» **YOUR INSTRUCTIONS**: Omit all pictures, then retype exactly the lines from the one that contains "Bei der ausgebuchten" through the end of the listing.

» **DATA UNDER STUDY**:

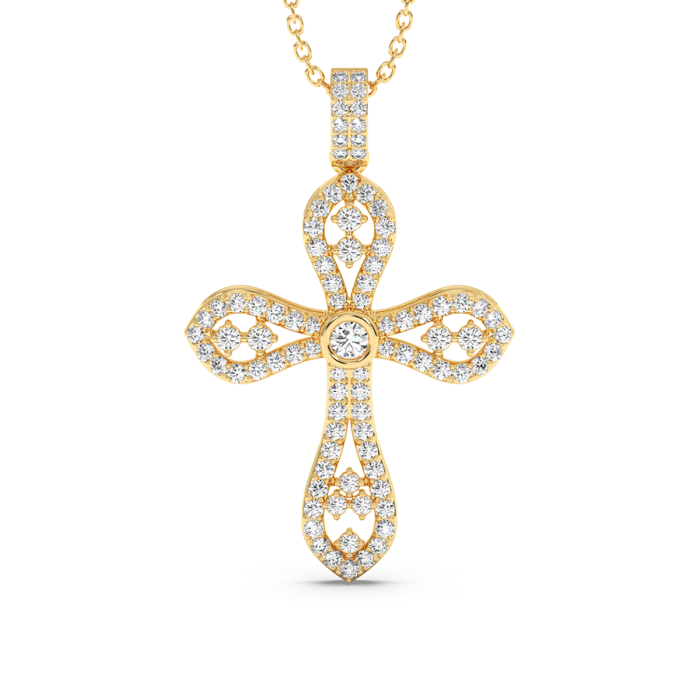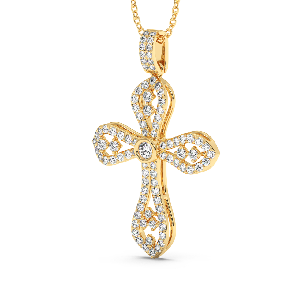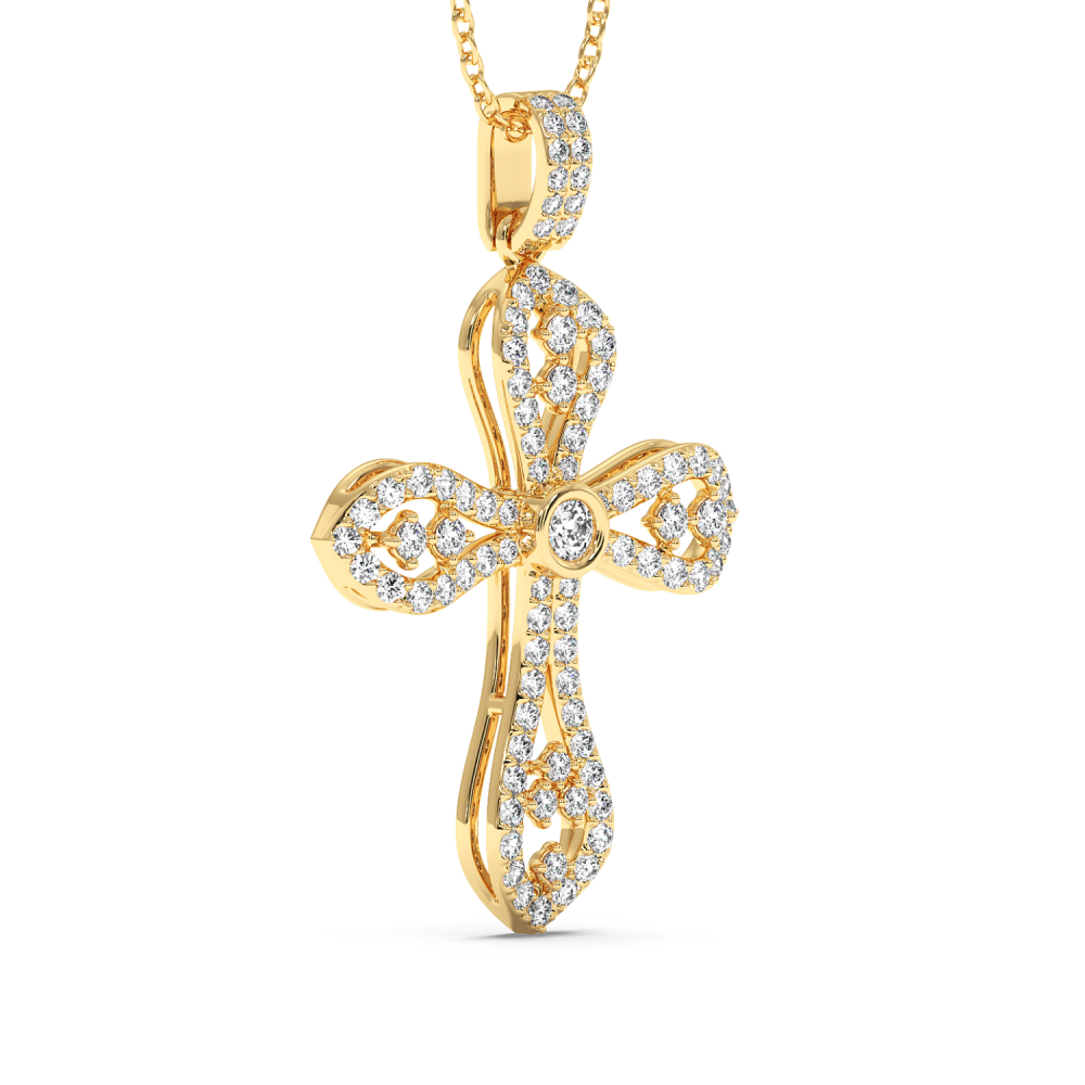Pandantiv cruciulita din aur de 14 K, cu diamante de 0.64ct. Greutatea cruciulitei este de aproximativ 2.70 grame.
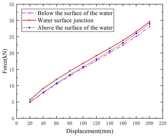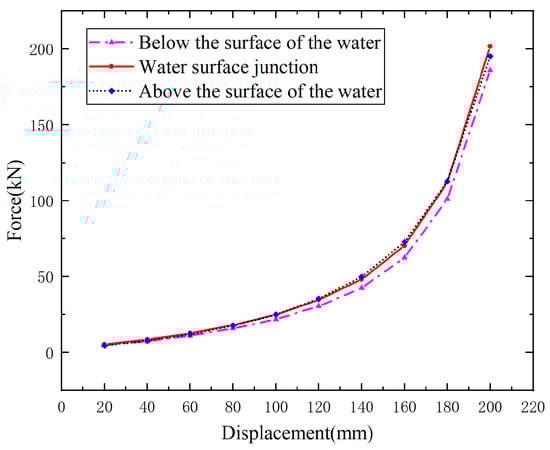 As shown in Figure 16 and Figure 17, under the same loading conditions, each layer of the anti-collision ring exhibits basically consistent mechanical properties in terms of step-by-step bearing capacity and loading curves. The peak bearing capacity of the middle and upper fender layers is close, while that of the lower fender layer is slightly lower than that of the middle and upper layers. This indicates that under long-term different marine service environments, the mechanical properties of the flexible energy-absorbing fender layers remain basically consistent and have not been significantly affected.
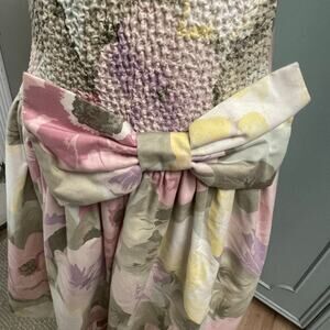 Excellent condition vintage Mr. Mort floral print drop waist dress, zips up the back with large bow detail at the waist, puff sleeves, has attached crinoline skirt for fullness
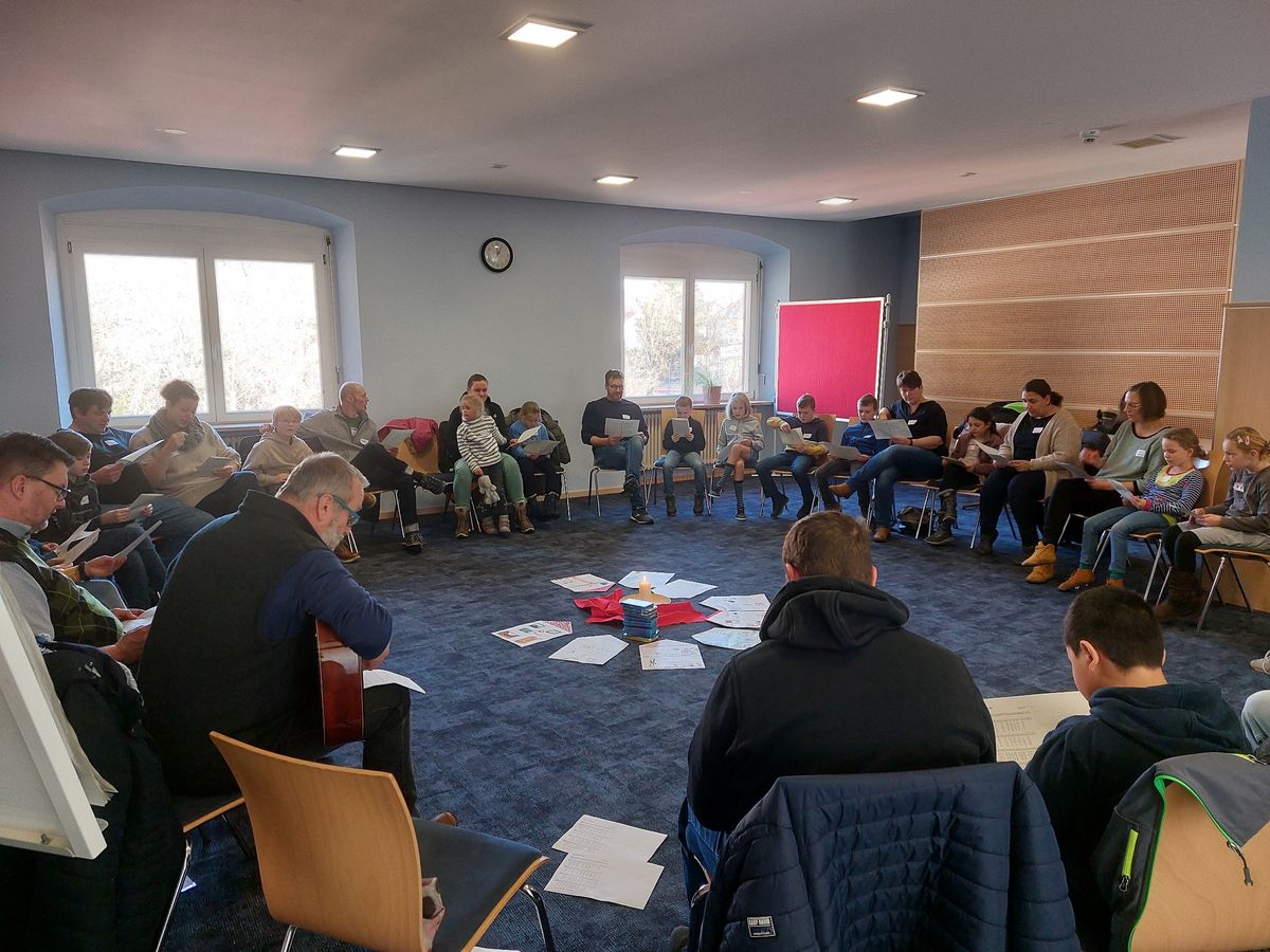Bei der ausgebuchten Veranstaltung kamen neun Familien mit rund 30 Personen zusammen, wie die Ehe- und Familienseelsorge Miltenberg berichtet. Vorbereitet hatten den Tag Dekan Michael Prokschi, Pfarrer Jan Kölbel sowie die Ehe- und Familienseelsorger Walter Lang und Regina Thonius-Brendle. Los ging es mit dem gegenseitigen Kennenlernen von Eltern, Kommunion- und Geschwisterkindern anhand einer „lebendigen Landkarte“ und einer Einladungskarte für das eigene Zuhause. Die Fragestellung war: „Worauf dürfen sich Gäste bei uns freuen?“ Nach dem Mittagessen starteten die Familien in einen kreativen Nachmittag zum Thema „Jesus, wo wohnst du?“. Die biblische Erzählung von der Begegnung der Jünger, die Jesus diese Frage stellen, inspirierte Eltern und Kinder, selbst in Austausch zu kommen: „Wie finden wir im Alltag Zeit, zusammen zu sein? Wo begegnen wir in unserem Familienleben und unserem Lebensumfeld Gott?“ Zu diesen Fragen konnten sich die Erwachsenen im Erzählcafé und die Kinder bei einer Legearbeit austauschen. Eine adventliche Lichtwahrnehmung und das Basteln von Windlichtern boten ebenfalls Möglichkeiten, den Fragen nachzugehen. Mit einem Gottesdienst in der Kapelle des Jugendhauses, gestaltet mit Elementen des gemeinsamen Tages, endete der Familientag.
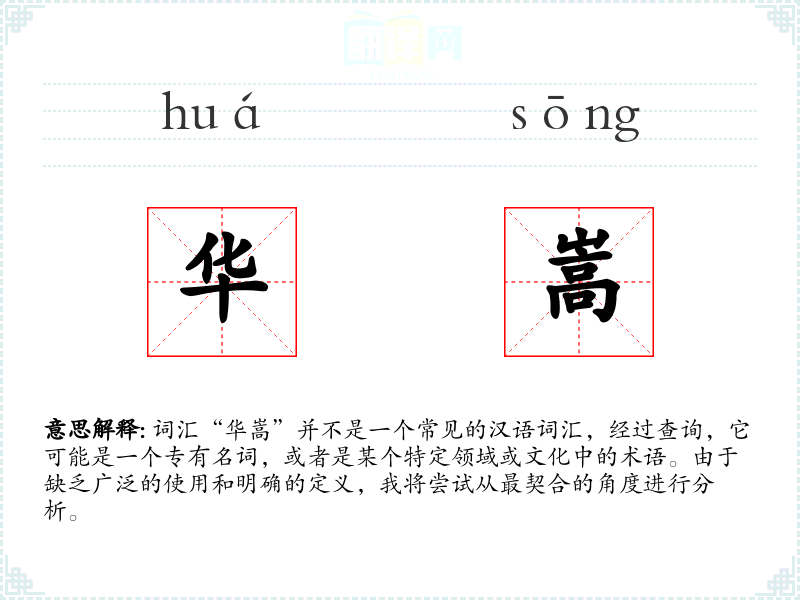 总结来说,由于“华嵩”不是一个常见的汉语词汇,我们无法提供一个全面的分析。它可能是一个专有名词,其意义和用法需要具体的上下文来确定。
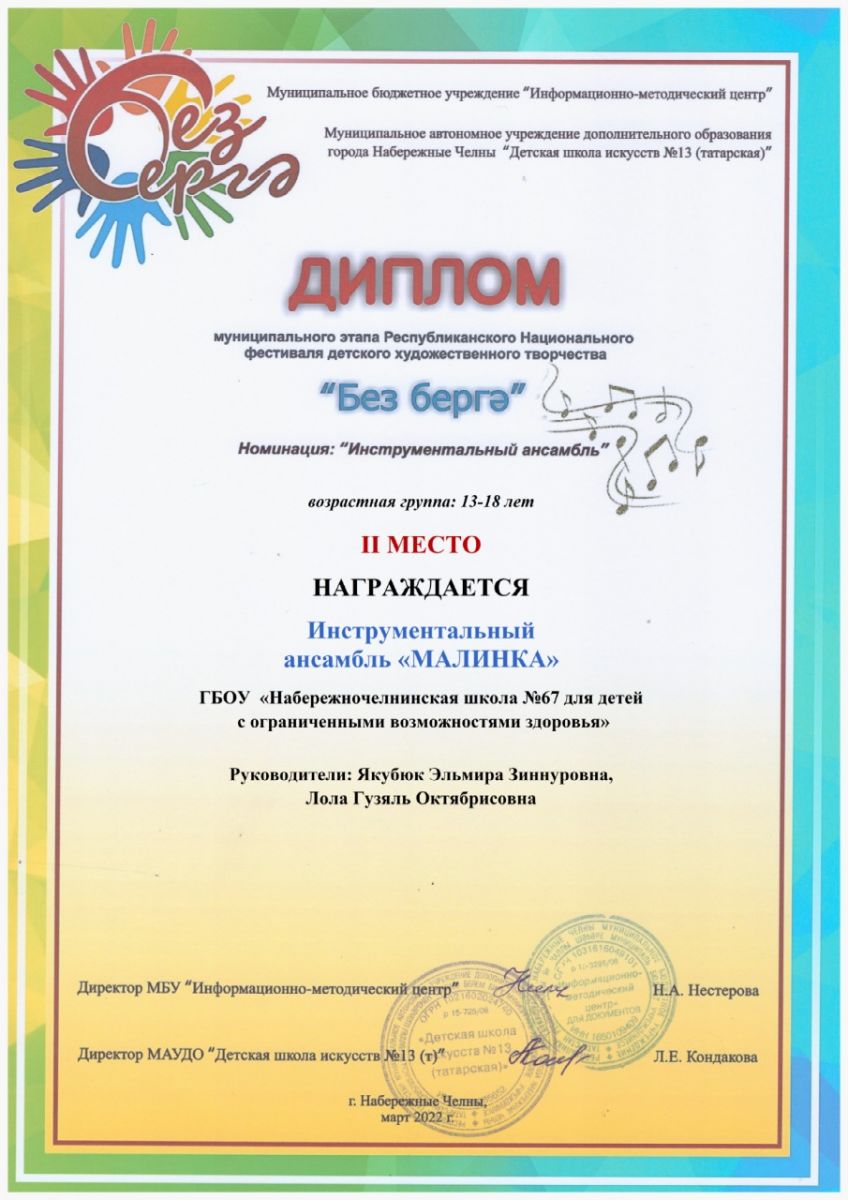 Опубликовано: 15.04.202214.04.2022 года инструментальный ансамбль " Малинка" был удостоен диплома 3 степени за участие в муниципальном этапе Республиканского Национального фестиваля детского художественного творчества " Без бергэ" в номинации " Инструментальный ансамбль ". Поздравляем победителей!
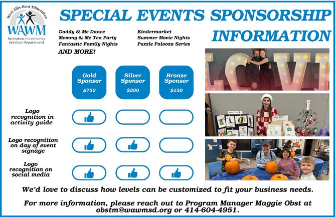 We invite you to advertise your business in our activity guide. Our activity guide is sent out three times per year to over 32,450 homes in the West Allis-West Milwaukee School District boundaries. We also reach many others via online access to our activity guide. Prices per issue are listed below:
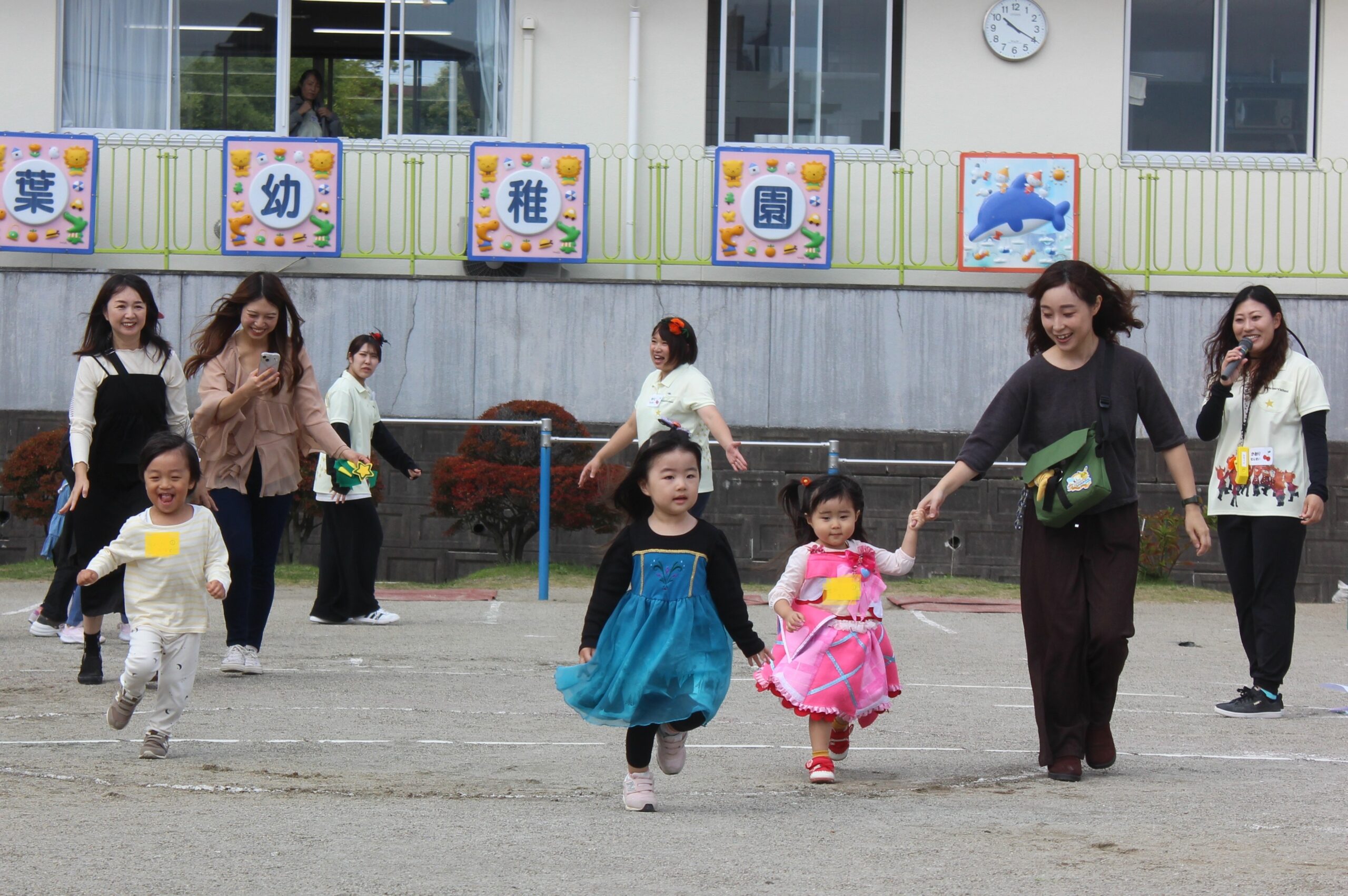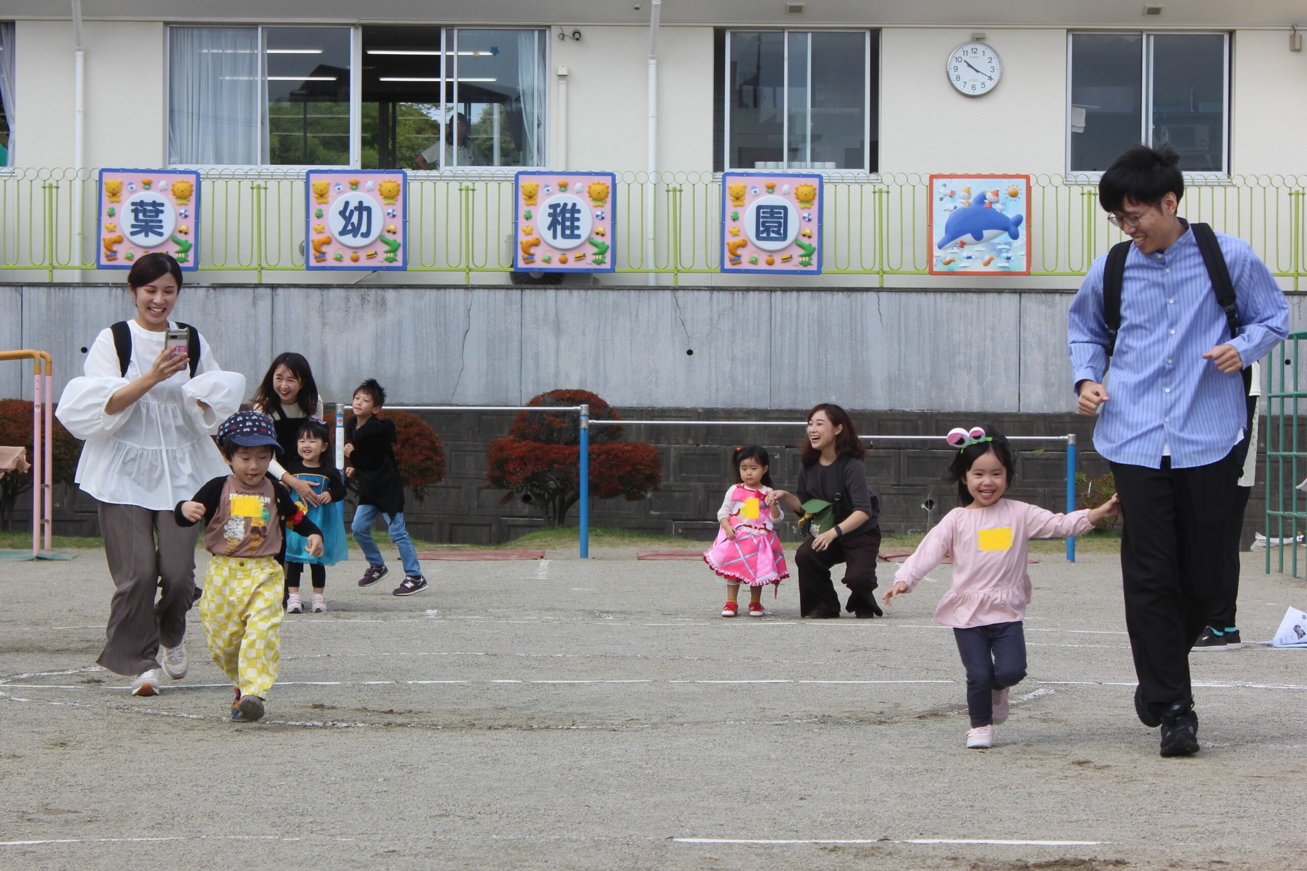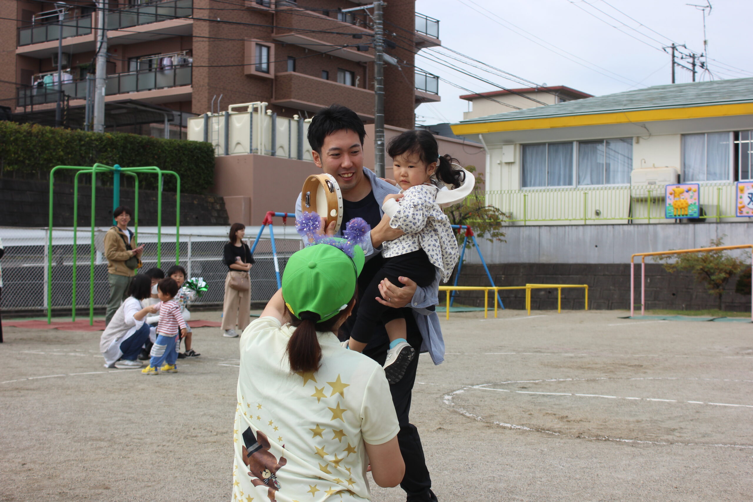 みんなかっこよく入場行進した後、いよいよ競技開始! かけっこや玉入れ、親子障害走、そして親子ダンス。パパやママと一緒に頑張りました。幼稚園や小学校のお兄さんお姉さんたちの徒競走もかっこよかったね。

» **TASK OUTPUT**:
Bei der ausgebuchten Veranstaltung kamen neun Familien mit rund 30 Personen zusammen, wie die Ehe- und Familienseelsorge Miltenberg berichtet. Vorbereitet hatten den Tag Dekan Michael Prokschi, Pfarrer Jan Kölbel sowie die Ehe- und Familienseelsorger Walter Lang und Regina Thonius-Brendle. Los ging es mit dem gegenseitigen Kennenlernen von Eltern, Kommunion- und Geschwisterkindern anhand einer „lebendigen Landkarte“ und einer Einladungskarte für das eigene Zuhause. Die Fragestellung war: „Worauf dürfen sich Gäste bei uns freuen?“ Nach dem Mittagessen starteten die Familien in einen kreativen Nachmittag zum Thema „Jesus, wo wohnst du?“. Die biblische Erzählung von der Begegnung der Jünger, die Jesus diese Frage stellen, inspirierte Eltern und Kinder, selbst in Austausch zu kommen: „Wie finden wir im Alltag Zeit, zusammen zu sein? Wo begegnen wir in unserem Familienleben und unserem Lebensumfeld Gott?“ Zu diesen Fragen konnten sich die Erwachsenen im Erzählcafé und die Kinder bei einer Legearbeit austauschen. Eine adventliche Lichtwahrnehmung und das Basteln von Windlichtern boten ebenfalls Möglichkeiten, den Fragen nachzugehen. Mit einem Gottesdienst in der Kapelle des Jugendhauses, gestaltet mit Elementen des gemeinsamen Tages, endete der Familientag.
 总结来说,由于“华嵩”不是一个常见的汉语词汇,我们无法提供一个全面的分析。它可能是一个专有名词,其意义和用法需要具体的上下文来确定。
 Опубликовано: 15.04.202214.04.2022 года инструментальный ансамбль " Малинка" был удостоен диплома 3 степени за участие в муниципальном этапе Республиканского Национального фестиваля детского художественного творчества " Без бергэ" в номинации " Инструментальный ансамбль ". Поздравляем победителей!
 We invite you to advertise your business in our activity guide. Our activity guide is sent out three times per year to over 32,450 homes in the West Allis-West Milwaukee School District boundaries. We also reach many others via online access to our activity guide. Prices per issue are listed below:
 みんなかっこよく入場行進した後、いよいよ競技開始! かけっこや玉入れ、親子障害走、そして親子ダンス。パパやママと一緒に頑張りました。幼稚園や小学校のお兄さんお姉さんたちの徒競走もかっこよかったね。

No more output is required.